Training datasets need to be increased, resulting in less-than-optimal predictive segmentation. In the future, we will invest more human and material resources to solve the problem of data volume labeling. At the same time, we will produce more datasets for the local high prevalence of diseases. Based on the predicted images obtained, we calculated the angle of curvature of the spine. We chose the internationally used Cobb [
55,
56] index for spinal curvature assessment. The Cobb angle is a standard method used to measure the degree of scoliosis. It determines the degree of scoliosis by measuring the lateral bending angle of two adjacent vertebrae. Specifically, the Cobb angle is derived from the angle between two vertical lines drawn from the upper to lower surfaces of the two vertebrae.
During the measurement, the physician selects the two most curved adjacent vertebrae, draws a vertical line on their upper and lower surfaces, and then measures the angle between these two lines. This angle is the Cobb angle. Usually, the greater the Cobb angle, the more severe the scoliosis.

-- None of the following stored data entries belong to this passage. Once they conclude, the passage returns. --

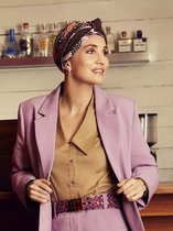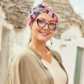 Un turban tendance et élégant très facile à enfiler et à coiffer. Le turban Shakti est un magnifique turban avec un bandeau semi-attaché, qui peut être coiffé de nombreuses façons et crée beaucoup de volume sur votre tête. Utilisez le bandeau pour faire un nœud ou un chignon sur le devant. Ce turban Shakti est fabriqué à partir de la matière la plus délicate en viscose de Bamboo Caretech®, incroyablement douce et soyeuse. Le Bamboe est non seulement un matériau confortable et extensible, mais il est également connu pour être respirant, thermorégulateur et plus absorbant l'humidité que le coton. Ce magnifique imprimé s’appelle Golden Sunlit et ressemble à une petite oasis tropicale d’optimisme. L'imprimé chaud de couleur dorée avec ses petites gerbes de fleurs gaies, dans une teinte rouge brûlé, rappelle la lumière du soleil du sud, les plages de sable scintillantes et la peau tachetée de rousseur. Ces couleurs donnent de la chaleur et de la vie à votre visage et peuvent être combinées aussi bien avec des couleurs chaudes que froides. Remarque : nous l'avons un peu pimenté avec un bandeau bicolore rouge uni et un tissu chic à paillettes dorées. Composition 95% Viscose (Bamboe), 5% Spandex
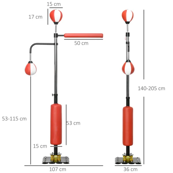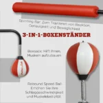 Boksas siūlo veiksmingą ir tvarią viso kūno treniruotę, kuri gali padėti sustiprinti kojas, nugarą, krūtinę ir pečius. Štai kodėl sukūrėme šį patogų bokso stovą, kad galėtumėte treniruoti savo bendrą formą, greitį, rankų ir akių koordinaciją bei ištvermę neišeidami iš namų. Naudodami du greito greičio kamuoliukus, laisvai besisukantį bokso strypą ir praktišką kick padą, galite palaikyti formą ir optimaliai pasiruošti ringui.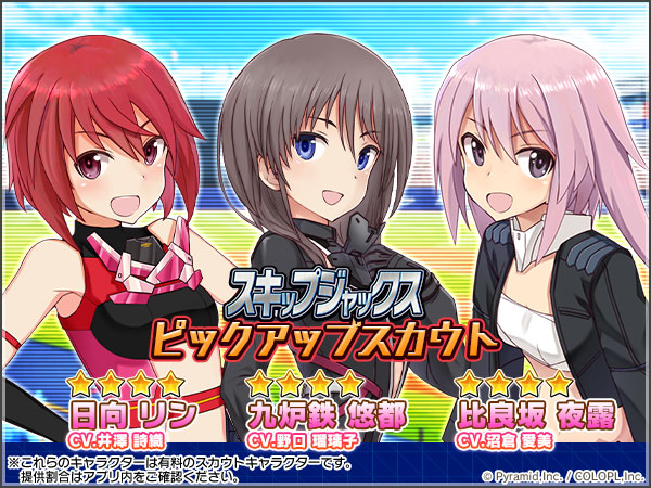 本スカウトでは、イベントに登場するノーマル★4キャラクター「九炉鉄 悠都」「比良坂 夜露」「日向 リン」のスカウト率がアップしています。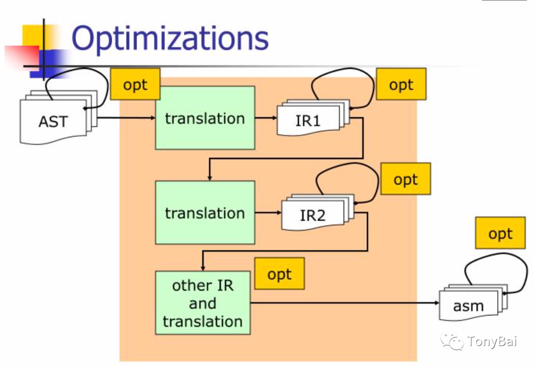 注:现代编程语言编译过程多数会多次生成中间代码(IR),比如下面要提到的静态单赋值形式(SSA)也是一种IR形式。针对每种IR,编译器都会有一些优化动作: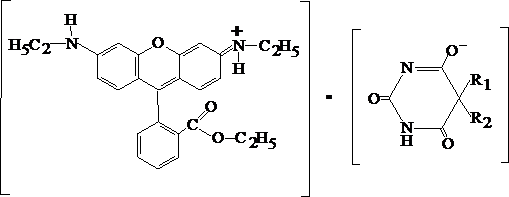 В делительную воронку вносят 0,1 мл раствора исследуемого вещества, прибавляют 0,2 мл 0,1% раствора родамина 6 Ж и 1 мл четыреххлористого углерода. Смесь взбалтывают в течение 1 мин. При наличии солей барбитуратов слой четыреххлористого углерода приобретает светло–оранжевую или оранжево–красную окраску. При взаимодействии образуются окрашенные ионные ассоциаты, которые экстрагируются четыреххлористым углеродом.
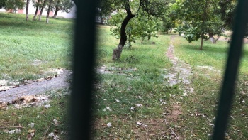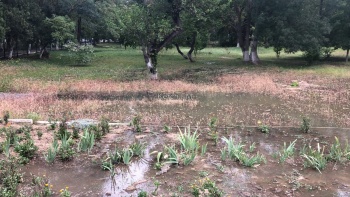 Сильным напором от места порыва вода стекает к корпусу университета и уже затопила часть прилегающей территории. К центральному входу вода не дошла из-за небольшого бордюра, но если напор воду и дальше будет с такой же силой, бордюр вряд ли спасет и студентам придется «плыть» на пары.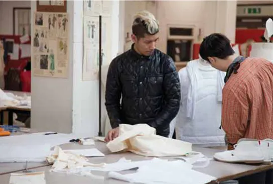 Fashion students working in a studio. The large table is essential both for cutting out and as a general work surface.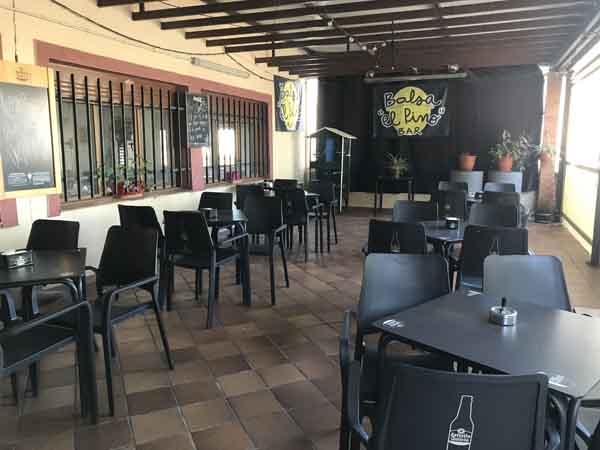 El BAR BALSA EL PINO cuenta también con zonas exteriores. Existe una terraza que se encuentra cubierta, en la que hay dieciséis mesas. Adicionalmente, hay una terraza exterior que es de carácter ajardinado y de dimensiones muy amplias, equipada con quince mesas. La descripción general del ambiente del local utiliza los términos acogedor, amplio y funcional.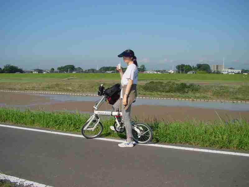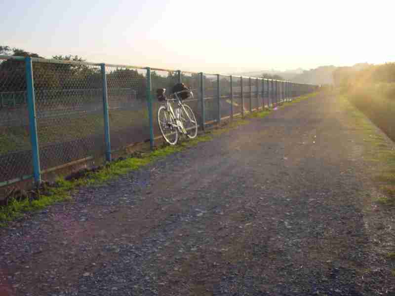 二度と行けないよ! こんな素晴らしい自転車道路があるところを! 強い親父の誘いでしぶしぶ走ってくれた長女。朝は3時半起き。日の出前の人っ子一人いない家の前の道路を最寄の駅に向けて4:45八王子駅発川越行きの電車に間に合う。前日の大雨で川も、緑もてんてこ舞い。太陽が昇り、コンビにで買ったドリンクで小休止。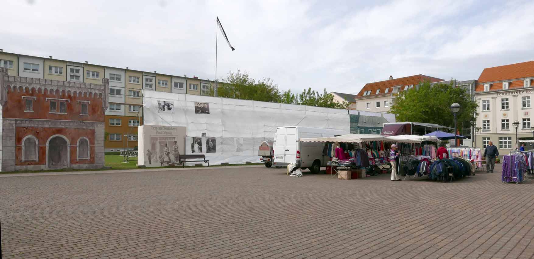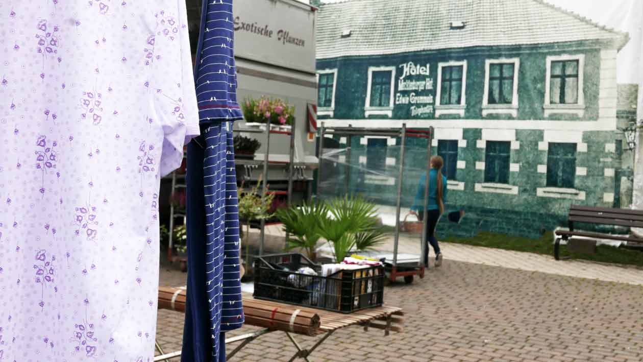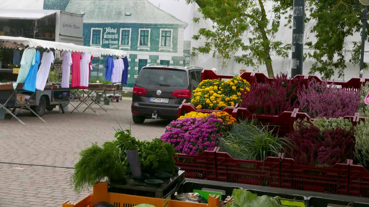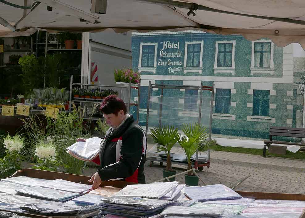 Marktszenen in vollem Betrieb, der Stände und des Hin-ind Hers der sich treffenden Menschen vor alter Kulisse nun auch in Demmin nochmal. Und den Wind der durch das alles hindurch ging kurz angehalten.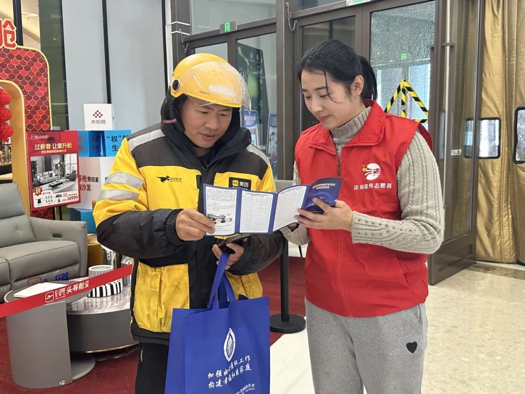 活动现场,普法志愿者围绕新就业形态劳动者和老年人关心关注的法律问题,详细讲解了宪法、民法典、劳动法等法律法规知识,针对提出的有关劳动合同签订、职工维权、法律援助、子女赡养、遗产分割等问题进行解答,为构建良好和谐的社会关系贡献法治力量。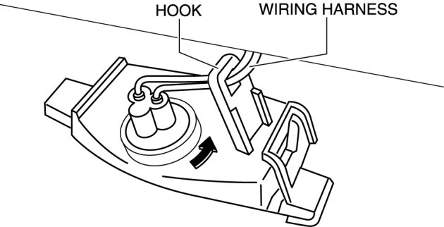 5. Pull out the wiring harness in the direction of the arrow and set it aside from the hook.

The Cobb angle is commonly used to diagnose scoliosis in adults, children, adolescents, and other spinal deformities. It is one of the most important indicators to assess the degree of scoliosis and the choice of treatment options. We calculated the prediction results based on the principle of Cobb calculation. The predicted image Cobb calculation results are shown in
Figure 17.
We have discussed with the spine doctors that CI-UNet predictive imaging can significantly help them improve their efficiency by producing semi-automatic calculations for scoliosis alone. The doctors are very receptive to our work, and we will follow up with more tasks for more body structures.
For the segmentation task of the spine, we performed the same task as the multi-organ segmentation task described in the previous section, and the results of the spine segmentation experiments for each network are shown in
Table 8.
The results of the spine segmentation experiments are shown in
Table 8. We found that the mIoU and mPA metrics of the VGG backbone are higher than the ResNet50 backbone metrics in the spine segmentation experiments. Compared with the double convolutional backbone UNet, CI-UNet is 12.35 percentage points higher in the mIoU metric and 4.76 percentage points higher in the mPA metric. Compared with the MobileNetV2 and ResNet50 backbone PSPNet, CI-UNet is 13.2 and 9.9 percentage points higher in mIoU metrics and 5.25 and 4.23 in mPA metrics, respectively. Compared with M-FCN, it is 6.76% higher in the mIoU metric and 2.74% higher in the mPA metric. Compared to U-Net_based, it is 6.2% higher in the mIoU metric and 2.34% higher in the mPA metric. The total amount of data of the spine dataset of the Guizhou branch of Beijing Jishuitan Hospital is 200, and the ratio of the training set and validation set is 9:1. Due to the small amount of data, the experimental results may have large fluctuations. We can see from the comparison of the above results that the evaluation indexes of CI-UNet designed in this paper are superior compared with other networks.